**Input data**

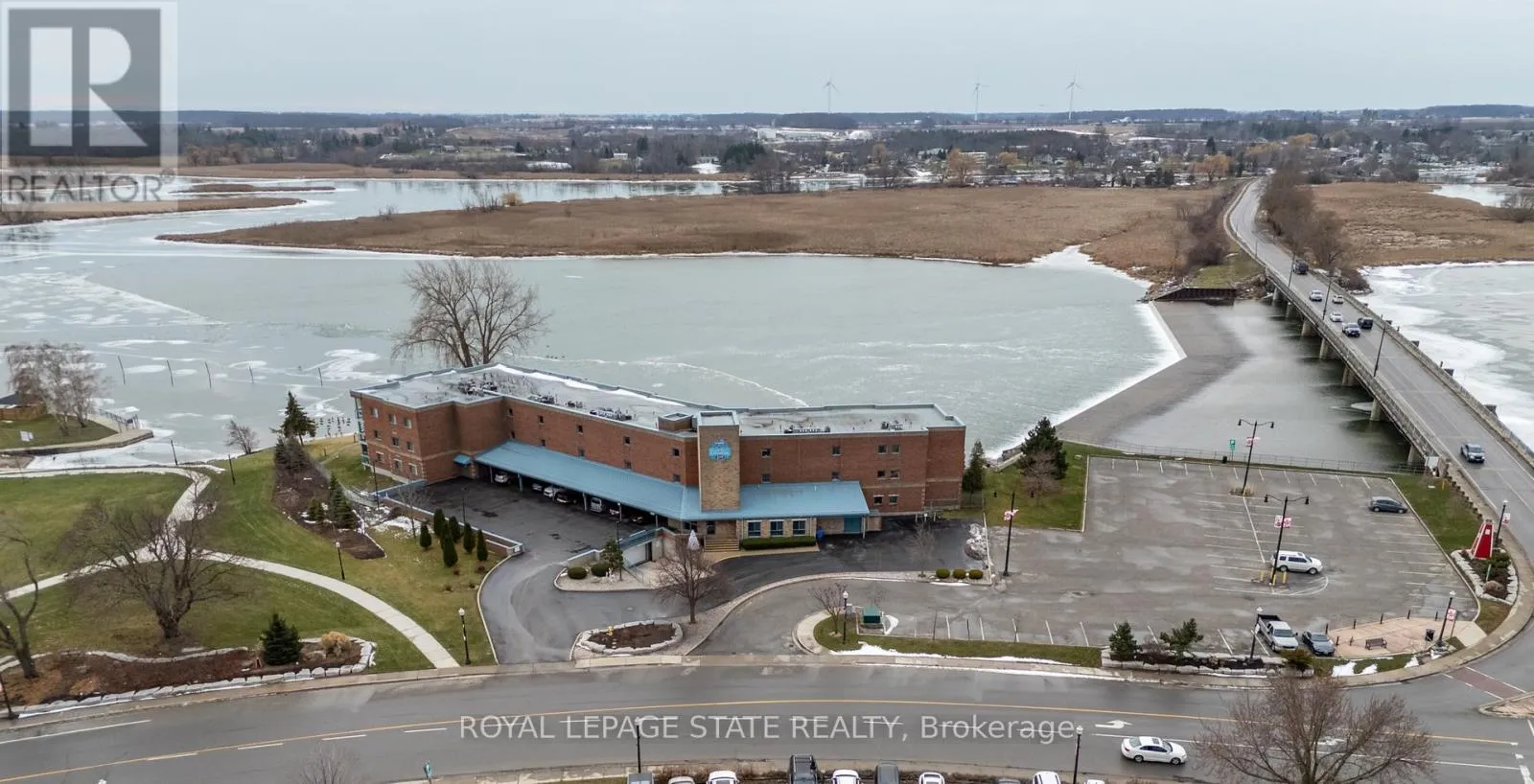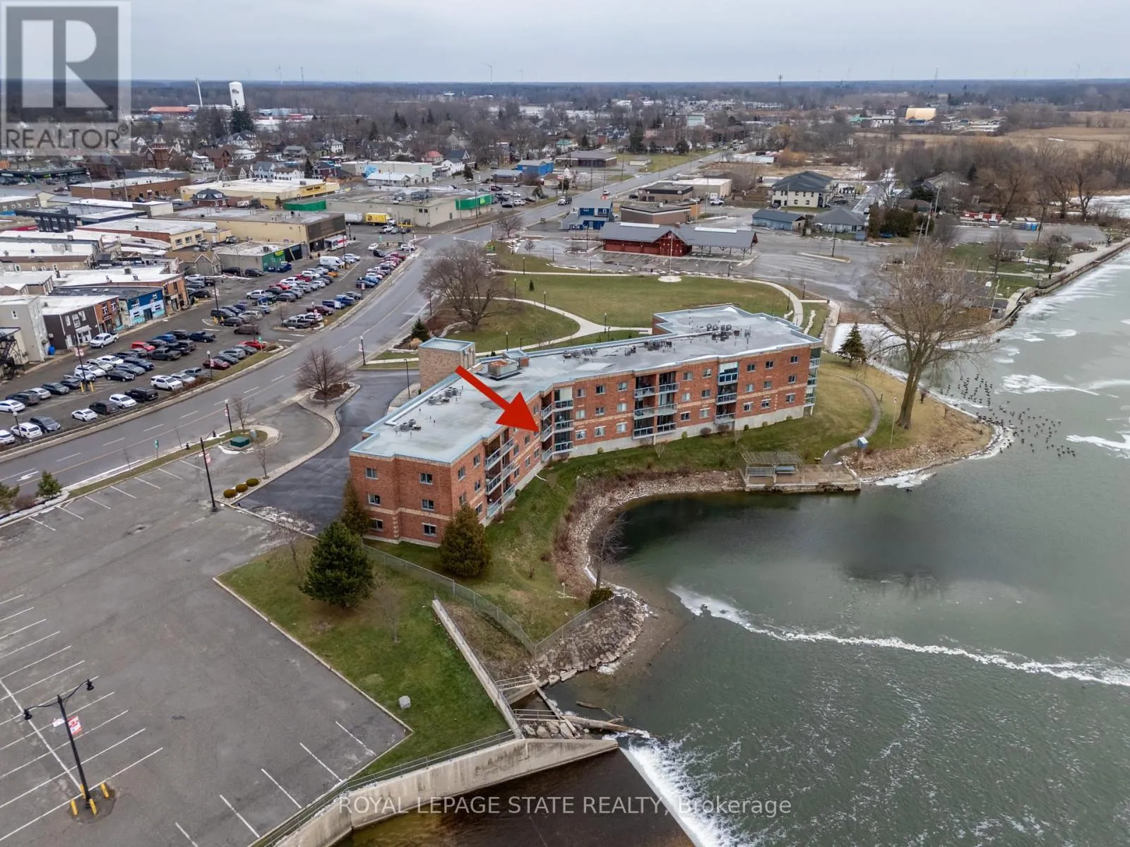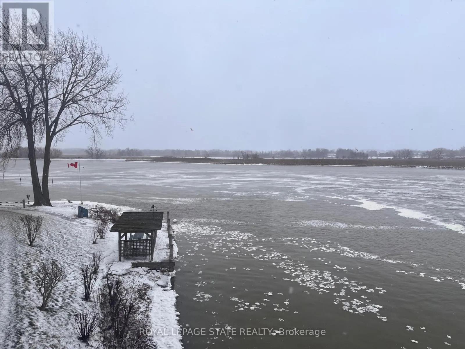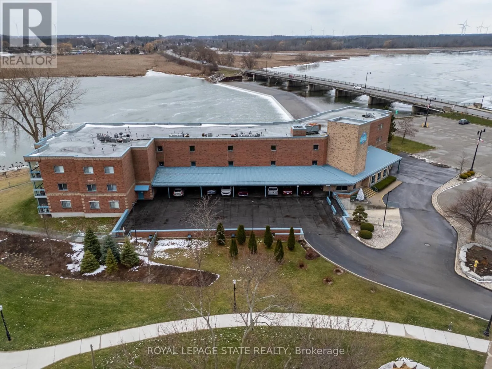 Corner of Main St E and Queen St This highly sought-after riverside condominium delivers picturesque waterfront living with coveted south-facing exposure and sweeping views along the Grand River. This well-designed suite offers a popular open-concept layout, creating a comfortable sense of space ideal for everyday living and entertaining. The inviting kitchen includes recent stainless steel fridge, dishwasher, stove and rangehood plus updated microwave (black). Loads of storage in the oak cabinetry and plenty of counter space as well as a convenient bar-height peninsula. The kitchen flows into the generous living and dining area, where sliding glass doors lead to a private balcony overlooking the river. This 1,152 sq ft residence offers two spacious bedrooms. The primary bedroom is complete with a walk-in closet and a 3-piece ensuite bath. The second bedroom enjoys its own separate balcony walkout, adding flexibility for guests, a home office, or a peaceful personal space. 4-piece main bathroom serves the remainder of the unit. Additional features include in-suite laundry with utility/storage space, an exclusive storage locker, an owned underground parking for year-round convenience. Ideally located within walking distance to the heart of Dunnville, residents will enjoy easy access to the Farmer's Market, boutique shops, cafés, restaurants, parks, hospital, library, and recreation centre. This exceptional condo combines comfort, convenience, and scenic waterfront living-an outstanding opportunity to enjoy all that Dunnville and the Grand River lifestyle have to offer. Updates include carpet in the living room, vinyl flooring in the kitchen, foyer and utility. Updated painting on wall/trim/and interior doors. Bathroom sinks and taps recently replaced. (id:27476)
---
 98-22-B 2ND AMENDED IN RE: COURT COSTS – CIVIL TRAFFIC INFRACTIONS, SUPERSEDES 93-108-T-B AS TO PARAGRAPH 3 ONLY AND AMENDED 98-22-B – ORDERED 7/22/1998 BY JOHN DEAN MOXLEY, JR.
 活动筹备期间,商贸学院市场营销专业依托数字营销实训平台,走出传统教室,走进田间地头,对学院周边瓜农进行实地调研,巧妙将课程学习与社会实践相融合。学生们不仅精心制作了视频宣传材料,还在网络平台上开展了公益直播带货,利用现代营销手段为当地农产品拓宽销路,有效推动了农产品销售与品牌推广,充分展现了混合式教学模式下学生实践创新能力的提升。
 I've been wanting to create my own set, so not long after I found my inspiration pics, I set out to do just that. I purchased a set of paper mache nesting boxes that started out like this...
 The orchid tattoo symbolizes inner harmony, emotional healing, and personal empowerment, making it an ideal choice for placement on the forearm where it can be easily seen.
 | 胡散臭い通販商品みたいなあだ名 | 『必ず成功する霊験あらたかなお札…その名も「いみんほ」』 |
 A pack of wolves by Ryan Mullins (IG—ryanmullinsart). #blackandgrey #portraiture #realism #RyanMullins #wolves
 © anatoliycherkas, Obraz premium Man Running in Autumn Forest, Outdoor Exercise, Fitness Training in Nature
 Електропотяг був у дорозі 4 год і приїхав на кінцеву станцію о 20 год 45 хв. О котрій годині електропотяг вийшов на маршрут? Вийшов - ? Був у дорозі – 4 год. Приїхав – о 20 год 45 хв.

**Task to complete**
In the listing above, start at the line with "I've been wanting", go on through the line with "Електропотяг був у", and copy each of those lines exactly; leave out all the rest.

**Expected answer**
 I've been wanting to create my own set, so not long after I found my inspiration pics, I set out to do just that. I purchased a set of paper mache nesting boxes that started out like this...
 The orchid tattoo symbolizes inner harmony, emotional healing, and personal empowerment, making it an ideal choice for placement on the forearm where it can be easily seen.
 | 胡散臭い通販商品みたいなあだ名 | 『必ず成功する霊験あらたかなお札…その名も「いみんほ」』 |
 A pack of wolves by Ryan Mullins (IG—ryanmullinsart). #blackandgrey #portraiture #realism #RyanMullins #wolves
 © anatoliycherkas, Obraz premium Man Running in Autumn Forest, Outdoor Exercise, Fitness Training in Nature
 Електропотяг був у дорозі 4 год і приїхав на кінцеву станцію о 20 год 45 хв. О котрій годині електропотяг вийшов на маршрут? Вийшов - ? Був у дорозі – 4 год. Приїхав – о 20 год 45 хв.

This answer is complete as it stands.